*What to work on:* Output everything in the data exactly, leaving the pictures out.

*Source material:*
+===+
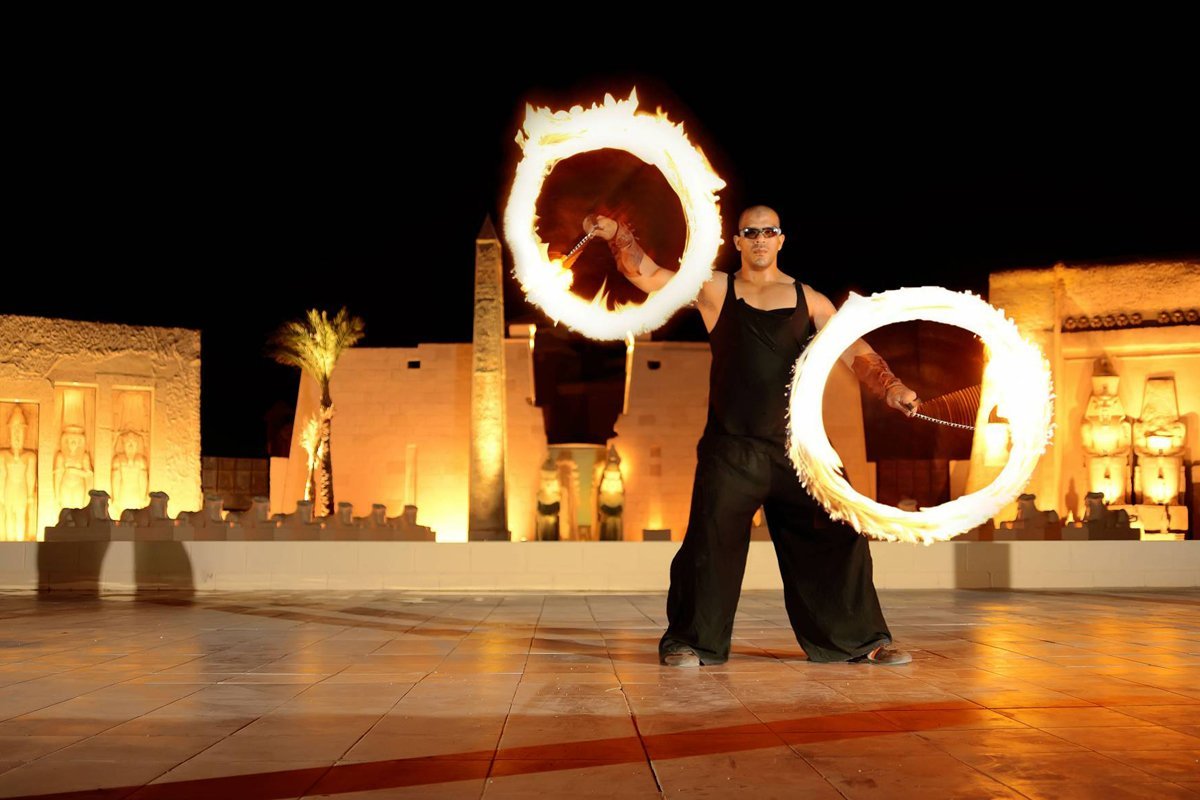 Step into the magnificent Thousand and One Nights Hotel, a tribute to oriental architecture and ancient Egyptian splendor. Amidst pharaonic temples, sphinxes, and grand gates, the open-air theater welcomes up to 2,500 guests for an unforgettable evening of music, light, and storytelling.
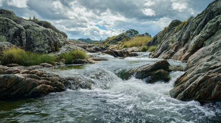 A captivating view of gentle water flowing over rugged rocks beneath a dramatic sky, surrounded by lush greenery, ideal for conveying tranquility and natural beauty.
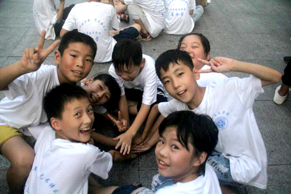 第二个环节是团建,即在志愿者的组织下,选出一个队长、一个副队长,并将队名、口号、队徽和队歌用马克笔写在小旗子上。选队长时,很多同学们都很勇敢地举起了小手毛遂自荐。最后的队旗展示阶段,每一队的队旗也都很有创意。第三个环节是打拍子游戏,即一边喊口号一边打拍子,可以锻炼同学们的反应能力和检查团队配合的默契程度。
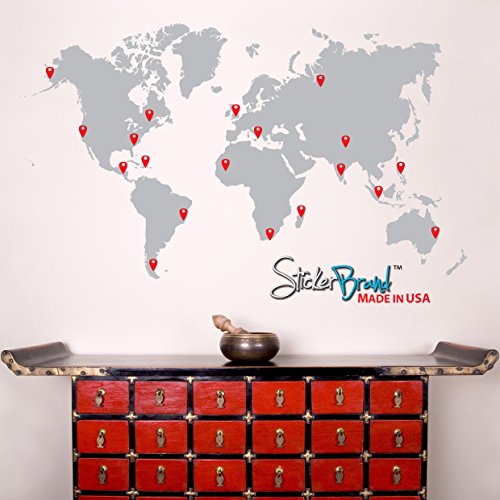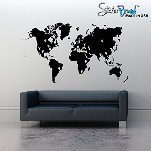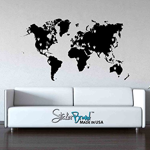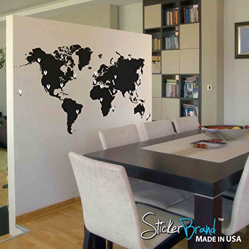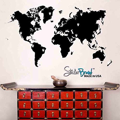 -. Feature : WALL DECAL INFORMATION: This World Map with Pins Wall Decal is 40in X 70in. item #873m (BLACK Map with 56 Red Pins, 56 White Pins, 56 Black Pins and 56 Grey Pins) = 224 Total 1/2in Pins in 4 different colors. / WHY PURCHASE A STICKERBRAND WALL DECAL? Stickerbrand has been making wall decals since 2007. Over 1 million decals sold and been featured on HGTV, THE DIY NETWORK and numerous PUBLICATIONS. -MADE IN THE USA- / BENEFITS OF USING A WALL DECAL: Wall decal stickers are mess-free, no paint, no glue/paste, no residue. They are more affordable compare to hiring a painter. They are much safer than wallpapers. *Removable but not reusable. / APPLICATION IS FUN AND REMOVABLE: Our decals can be applied on most flat surfaces, including slightly textured walls, mirrors, or any smooth surface. You can test this by applying a regular sticker on your wall, and if it sticks well, than our wall decals should work on your walls. / 100% MONEY BACK GUARANTEE: If, For Whatever Reason, You Do Not Absolutely Love Your Stickerbrand Wall Decal, Just Return It, And We Will Refund Every Penny (Or Replace It, If There Is A Problem). Please Email Us First And We Will Gladly Work With You To Resolve Any Issue.
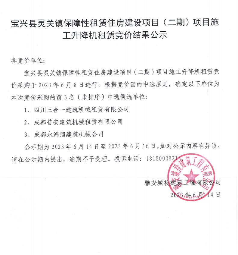 寶興縣靈關鎮(zhèn)保障性租賃住房建設項目(二期)項目施工升降機租賃競價結果公示
+===+
*Answer to this exercise:*
 Step into the magnificent Thousand and One Nights Hotel, a tribute to oriental architecture and ancient Egyptian splendor. Amidst pharaonic temples, sphinxes, and grand gates, the open-air theater welcomes up to 2,500 guests for an unforgettable evening of music, light, and storytelling.
 A captivating view of gentle water flowing over rugged rocks beneath a dramatic sky, surrounded by lush greenery, ideal for conveying tranquility and natural beauty.
 第二个环节是团建,即在志愿者的组织下,选出一个队长、一个副队长,并将队名、口号、队徽和队歌用马克笔写在小旗子上。选队长时,很多同学们都很勇敢地举起了小手毛遂自荐。最后的队旗展示阶段,每一队的队旗也都很有创意。第三个环节是打拍子游戏,即一边喊口号一边打拍子,可以锻炼同学们的反应能力和检查团队配合的默契程度。
 -. Feature : WALL DECAL INFORMATION: This World Map with Pins Wall Decal is 40in X 70in. item #873m (BLACK Map with 56 Red Pins, 56 White Pins, 56 Black Pins and 56 Grey Pins) = 224 Total 1/2in Pins in 4 different colors. / WHY PURCHASE A STICKERBRAND WALL DECAL? Stickerbrand has been making wall decals since 2007. Over 1 million decals sold and been featured on HGTV, THE DIY NETWORK and numerous PUBLICATIONS. -MADE IN THE USA- / BENEFITS OF USING A WALL DECAL: Wall decal stickers are mess-free, no paint, no glue/paste, no residue. They are more affordable compare to hiring a painter. They are much safer than wallpapers. *Removable but not reusable. / APPLICATION IS FUN AND REMOVABLE: Our decals can be applied on most flat surfaces, including slightly textured walls, mirrors, or any smooth surface. You can test this by applying a regular sticker on your wall, and if it sticks well, than our wall decals should work on your walls. / 100% MONEY BACK GUARANTEE: If, For Whatever Reason, You Do Not Absolutely Love Your Stickerbrand Wall Decal, Just Return It, And We Will Refund Every Penny (Or Replace It, If There Is A Problem). Please Email Us First And We Will Gladly Work With You To Resolve Any Issue.
 寶興縣靈關鎮(zhèn)保障性租賃住房建設項目(二期)項目施工升降機租賃競價結果公示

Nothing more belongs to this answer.